Instructions for the task: Retype the line with "1004 Islamic coin 18mm 2,64g" exactly. Then retype every line after it through the end of the entries below, and nothing more, leaving out pictures.

Task inputs:
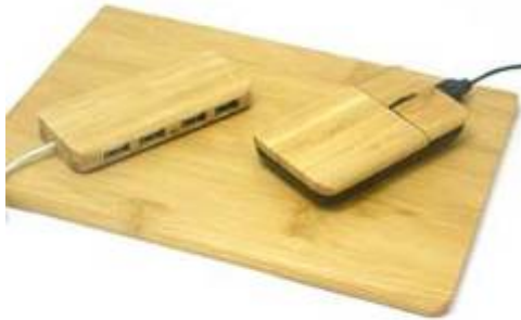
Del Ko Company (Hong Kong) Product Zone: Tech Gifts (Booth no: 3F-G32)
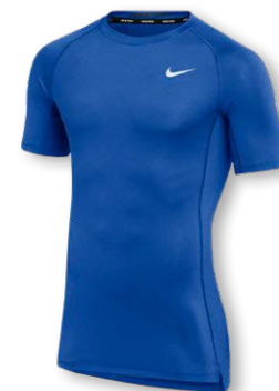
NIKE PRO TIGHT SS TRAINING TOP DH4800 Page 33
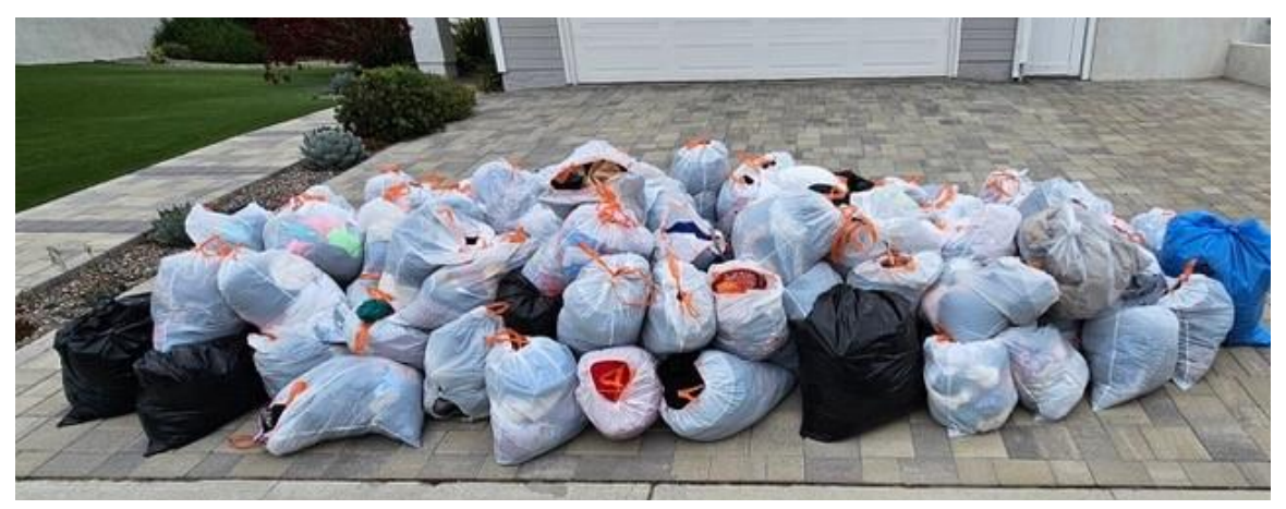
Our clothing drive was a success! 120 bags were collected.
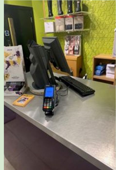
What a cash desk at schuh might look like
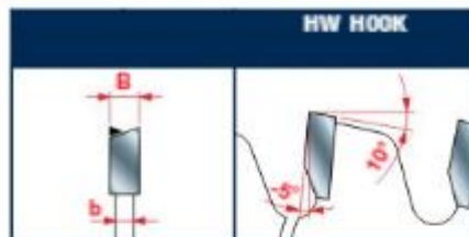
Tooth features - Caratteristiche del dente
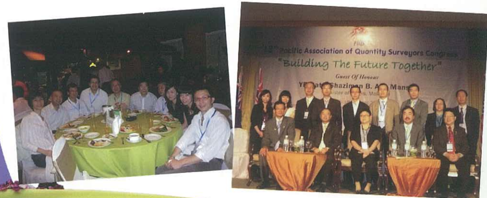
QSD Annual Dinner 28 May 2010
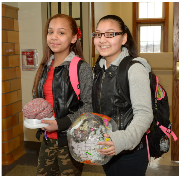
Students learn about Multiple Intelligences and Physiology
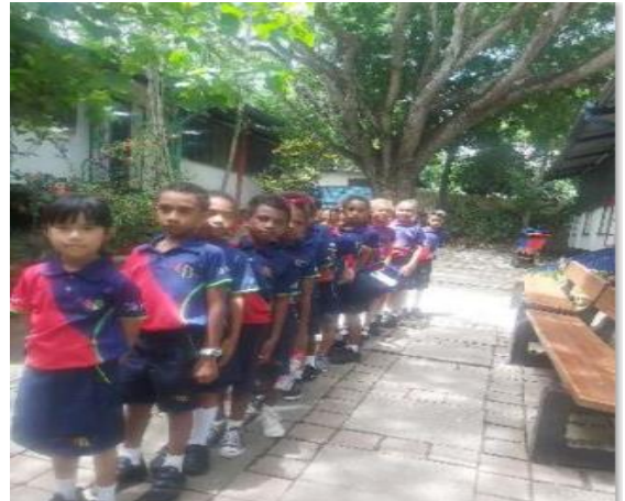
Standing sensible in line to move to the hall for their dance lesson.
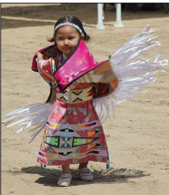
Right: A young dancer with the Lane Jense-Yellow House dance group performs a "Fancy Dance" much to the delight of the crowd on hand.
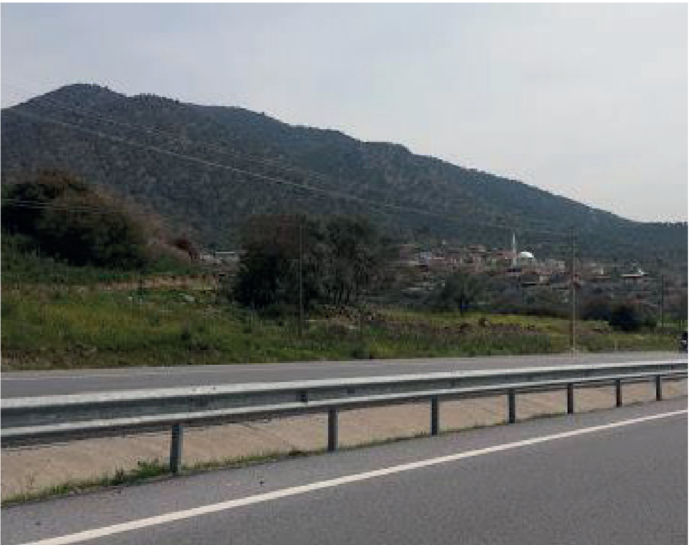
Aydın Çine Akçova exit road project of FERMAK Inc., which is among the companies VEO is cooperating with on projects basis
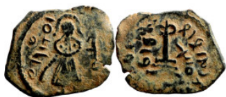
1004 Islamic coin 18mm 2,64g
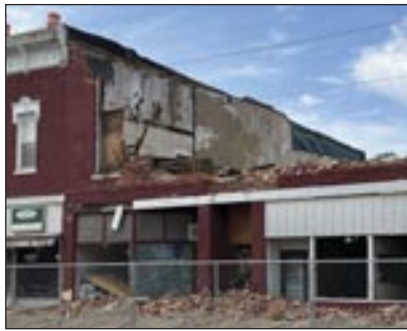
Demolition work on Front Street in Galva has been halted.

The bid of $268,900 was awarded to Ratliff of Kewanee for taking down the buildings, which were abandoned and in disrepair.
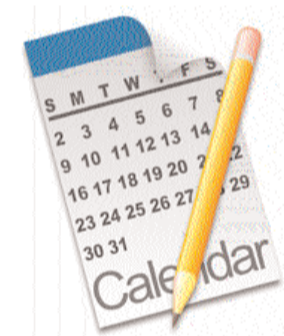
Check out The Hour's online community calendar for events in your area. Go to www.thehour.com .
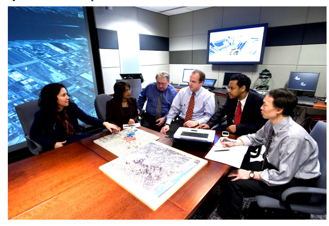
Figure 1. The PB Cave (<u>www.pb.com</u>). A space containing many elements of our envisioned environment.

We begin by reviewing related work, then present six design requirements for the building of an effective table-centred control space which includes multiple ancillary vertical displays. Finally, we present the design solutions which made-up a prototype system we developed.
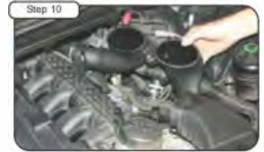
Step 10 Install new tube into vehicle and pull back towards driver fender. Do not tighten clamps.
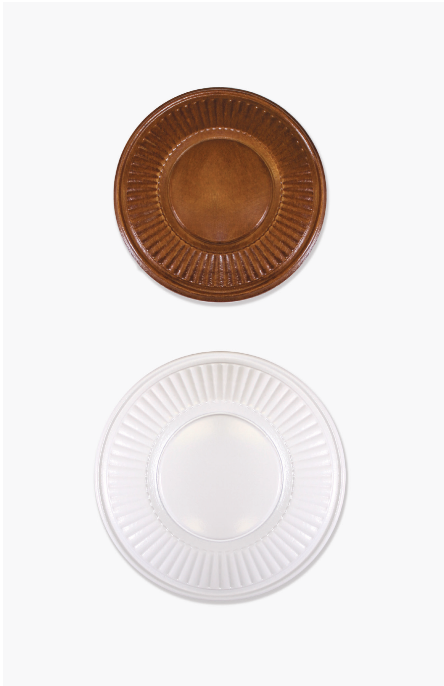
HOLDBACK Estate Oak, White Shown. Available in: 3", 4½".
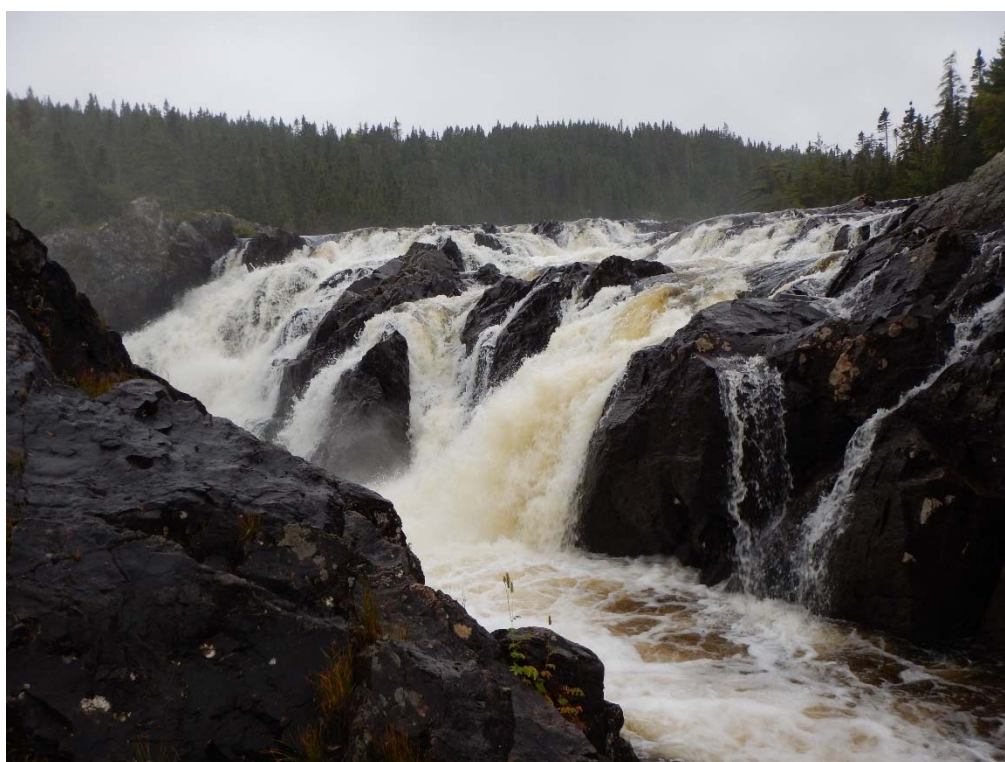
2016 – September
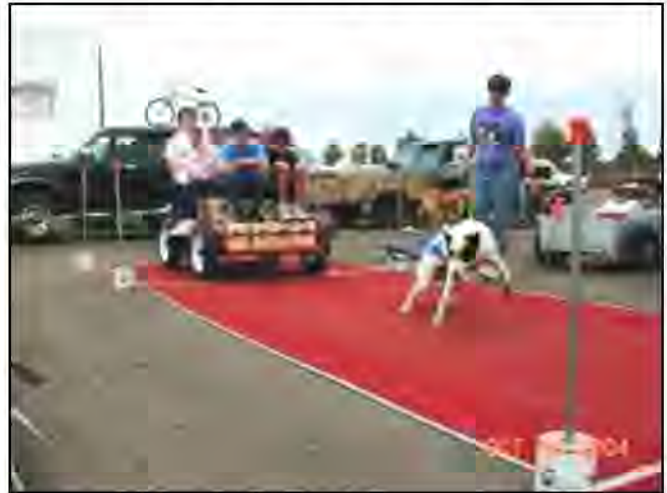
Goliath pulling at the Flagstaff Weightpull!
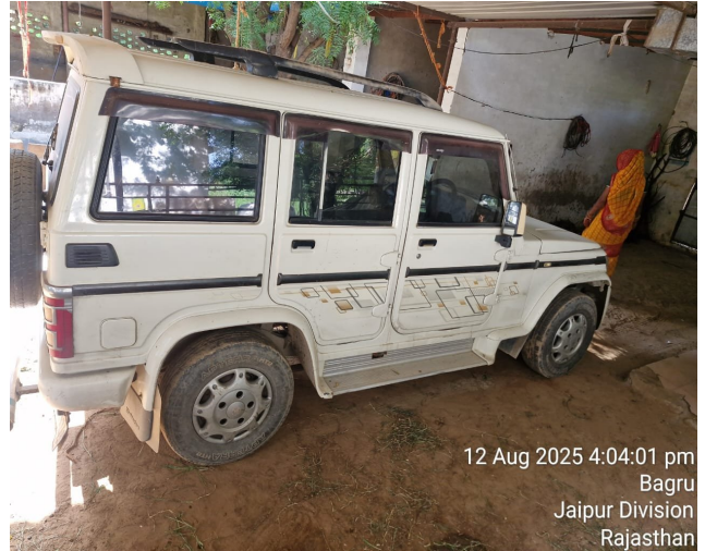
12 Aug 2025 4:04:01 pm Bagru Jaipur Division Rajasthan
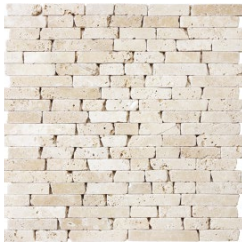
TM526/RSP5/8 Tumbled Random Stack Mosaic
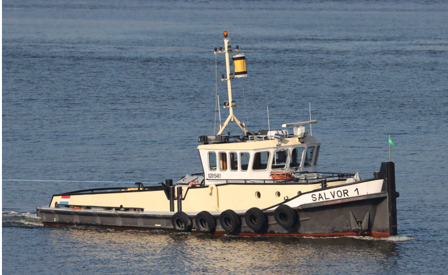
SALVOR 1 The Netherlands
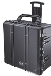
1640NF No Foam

Solution to this task:
1004 Islamic coin 18mm 2,64g
Demolition work on Front Street in Galva has been halted.

The bid of $268,900 was awarded to Ratliff of Kewanee for taking down the buildings, which were abandoned and in disrepair.
Check out The Hour's online community calendar for events in your area. Go to www.thehour.com .
Figure 1. The PB Cave (<u>www.pb.com</u>). A space containing many elements of our envisioned environment.

We begin by reviewing related work, then present six design requirements for the building of an effective table-centred control space which includes multiple ancillary vertical displays. Finally, we present the design solutions which made-up a prototype system we developed.
Step 10 Install new tube into vehicle and pull back towards driver fender. Do not tighten clamps.
HOLDBACK Estate Oak, White Shown. Available in: 3", 4½".
2016 – September
Goliath pulling at the Flagstaff Weightpull!
12 Aug 2025 4:04:01 pm Bagru Jaipur Division Rajasthan
TM526/RSP5/8 Tumbled Random Stack Mosaic
SALVOR 1 The Netherlands
1640NF No Foam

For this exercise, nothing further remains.